Berguling ke kanan, lantas ke kiri. Tengkurap, lalu telentang lagi. Entah sudah berapa kali aku mengubah posisi agar bisa terlelap tenang. Ada firasat aneh yang menggangguku malam ini. Firasat yang menuntun intuisiku untuk segera menghubungimu, tapi gengsi masih menahanku.
Jujur, bagiku ini aneh karena hampir tiga bulan aku tidak merasakan cemas berlebih yang mengarah padamu. Tapi, entah kenapa malam ini rasanya begitu misterius.
Badanku capek, mataku ngantuk. Sungguh, aku ingin tidur. Tapi, pikiranku benar-benar tidak tenang. Bayanganmu begitu jelas terlihat tiap kali aku memejamkan mata.
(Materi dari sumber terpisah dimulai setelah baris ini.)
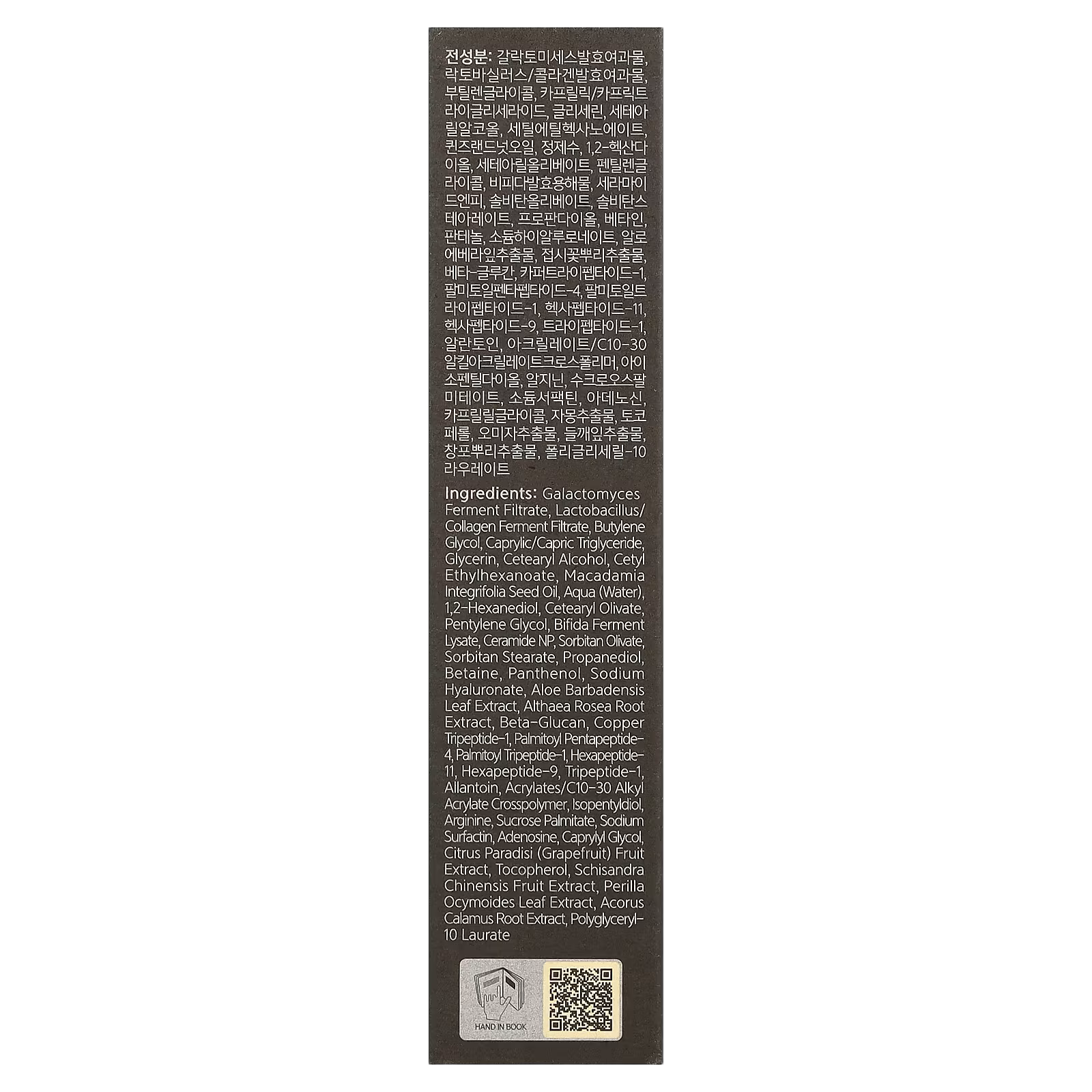 Galactomyces ferment filtrate, lactobacillus/collagen ferment filtrate, butylene glycol, caprylic/capric triglyceride, glycerin, cetearyl alcohol, cetyl ethylhexanoate, macadamia integrifolia seed oil, aqua (water), 1,2-hexanediol, cetearyl olivate, pentylene glycol, bifida ferment lysate, ceramide np, sorbitan olivate, sorbitan stearate, propanediol, betaine, panthenol, sodium hyaluronate, aloe barbadensis leaf extract, althaea rosea root extract, beta-glucan, copper tripeptide-1, palmitoyl pentapeptide- 4, palmitoyl tripeptide-1, hexapeptide- 11, hexapeptide-9, tripeptide-1, allantoin, acrylates/c10-30 alkyl acrylate crosspolymer, isopentyldiol, arginine, sucrose palmitate, sodium surfactin, adenosine, caprylyl glycol, citrus paradisi (grapefruit) fruit extract, tocopherol, schisandra chinensis fruit extract, perilla ocymoides leaf extract, acorus calamus root extract, polyglyceryl-10 laurate.

Kalau memang ini karena rindu, rasanya tidak mungkin. Sebab, degub cemaslah yang saat ini mendominasi perasaanku. Ada apa sebenarnya? Kamu kenapa?
***
"Kak?" isi sebuah pesan yang masuk ke ponselku. Tertulis nama adikmu di bagian identitas pengirim pesan itu. Degub jantungku makin tak beraturan, kekhawatiranku kian menjadi-jadi. Aku tidak membalas pesan itu karena aku lantas menelponnya.
"Dik? Kamu di mana?" tanyaku.
"Kakak di mana?" tanyanya balik dengan sisipan isak tangis.
"Kos. Kenapa? Kamu kenapa, Dik? Kamu nangis, ya?" selidikku yang tambah panik karena ini kali pertama aku mendengar isakan dari adik lelakimu.
"Kak, sepuluh menit lagi aku ke kos Kakak, ya?" katanya.
"Ada apa? Ngapain ke kos Kakak jam segini?" responsku yang terkejut. Waktu menunjukkan pukul tiga kurang sepuluh menit. Sebentar lagi subuh dan Huta hendak bertamu. Gila!